Problem |
Beginning with the line that contains "在找准南山区基层治理人才培养", write out each remaining line of the records below exactly. Do not copy any picture.

(Items from a dataset)
○ ○ ○ ○
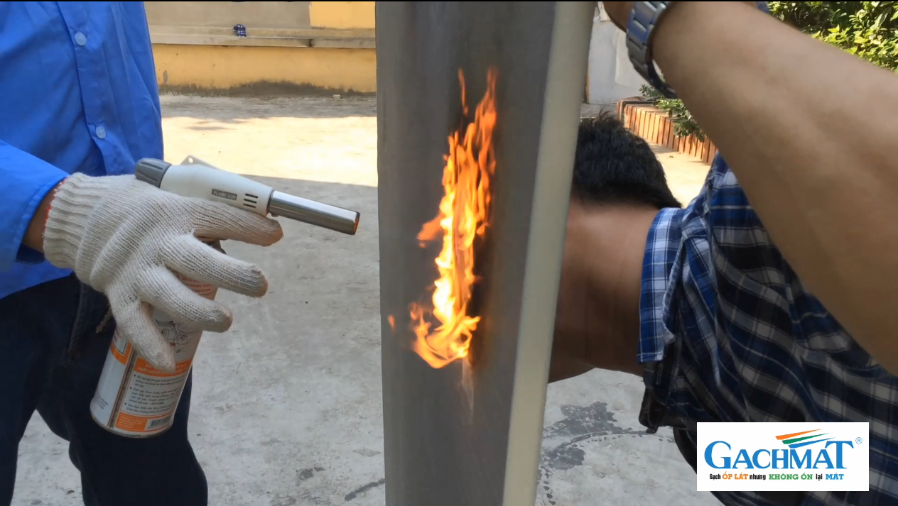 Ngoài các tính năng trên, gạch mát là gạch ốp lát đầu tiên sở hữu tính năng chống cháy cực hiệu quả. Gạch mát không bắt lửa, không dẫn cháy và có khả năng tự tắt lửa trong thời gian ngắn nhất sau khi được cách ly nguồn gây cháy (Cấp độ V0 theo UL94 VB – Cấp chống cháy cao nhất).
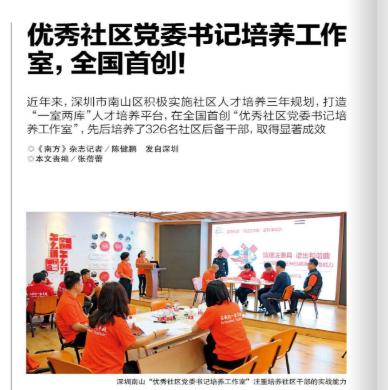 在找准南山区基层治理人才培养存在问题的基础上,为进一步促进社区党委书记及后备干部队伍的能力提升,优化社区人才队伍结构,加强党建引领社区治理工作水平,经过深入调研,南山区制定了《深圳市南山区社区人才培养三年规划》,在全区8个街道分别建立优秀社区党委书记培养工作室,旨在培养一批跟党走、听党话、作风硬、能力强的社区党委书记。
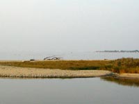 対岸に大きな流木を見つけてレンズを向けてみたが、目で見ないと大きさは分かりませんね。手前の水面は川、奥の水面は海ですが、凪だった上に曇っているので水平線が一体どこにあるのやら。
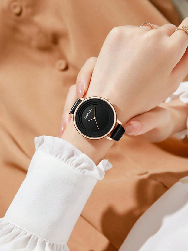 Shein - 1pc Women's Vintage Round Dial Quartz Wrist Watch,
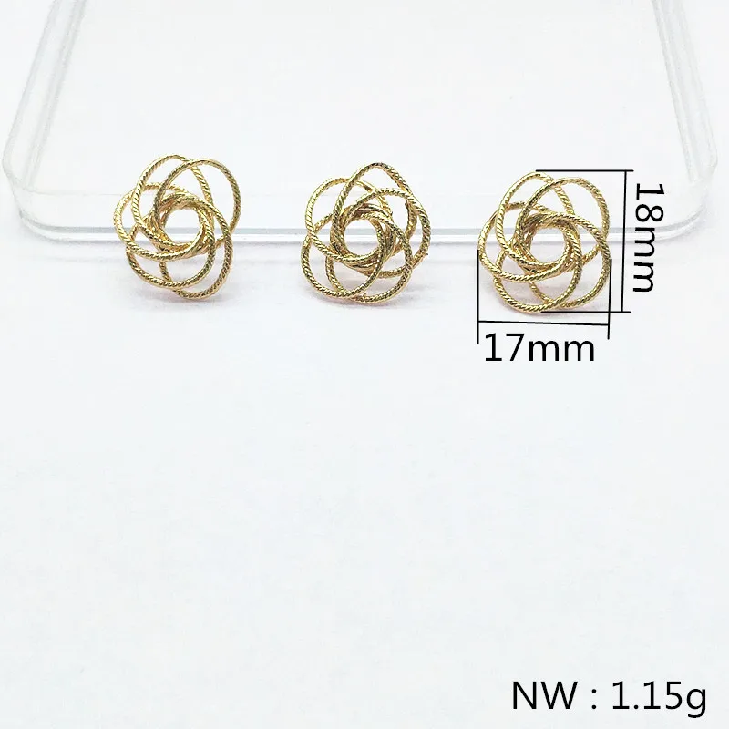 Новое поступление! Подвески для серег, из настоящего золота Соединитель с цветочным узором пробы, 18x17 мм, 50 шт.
○ ○ ○ ○
Completed exercise |
 在找准南山区基层治理人才培养存在问题的基础上,为进一步促进社区党委书记及后备干部队伍的能力提升,优化社区人才队伍结构,加强党建引领社区治理工作水平,经过深入调研,南山区制定了《深圳市南山区社区人才培养三年规划》,在全区8个街道分别建立优秀社区党委书记培养工作室,旨在培养一批跟党走、听党话、作风硬、能力强的社区党委书记。
 対岸に大きな流木を見つけてレンズを向けてみたが、目で見ないと大きさは分かりませんね。手前の水面は川、奥の水面は海ですが、凪だった上に曇っているので水平線が一体どこにあるのやら。
 Shein - 1pc Women's Vintage Round Dial Quartz Wrist Watch,
 Новое поступление! Подвески для серег, из настоящего золота Соединитель с цветочным узором пробы, 18x17 мм, 50 шт.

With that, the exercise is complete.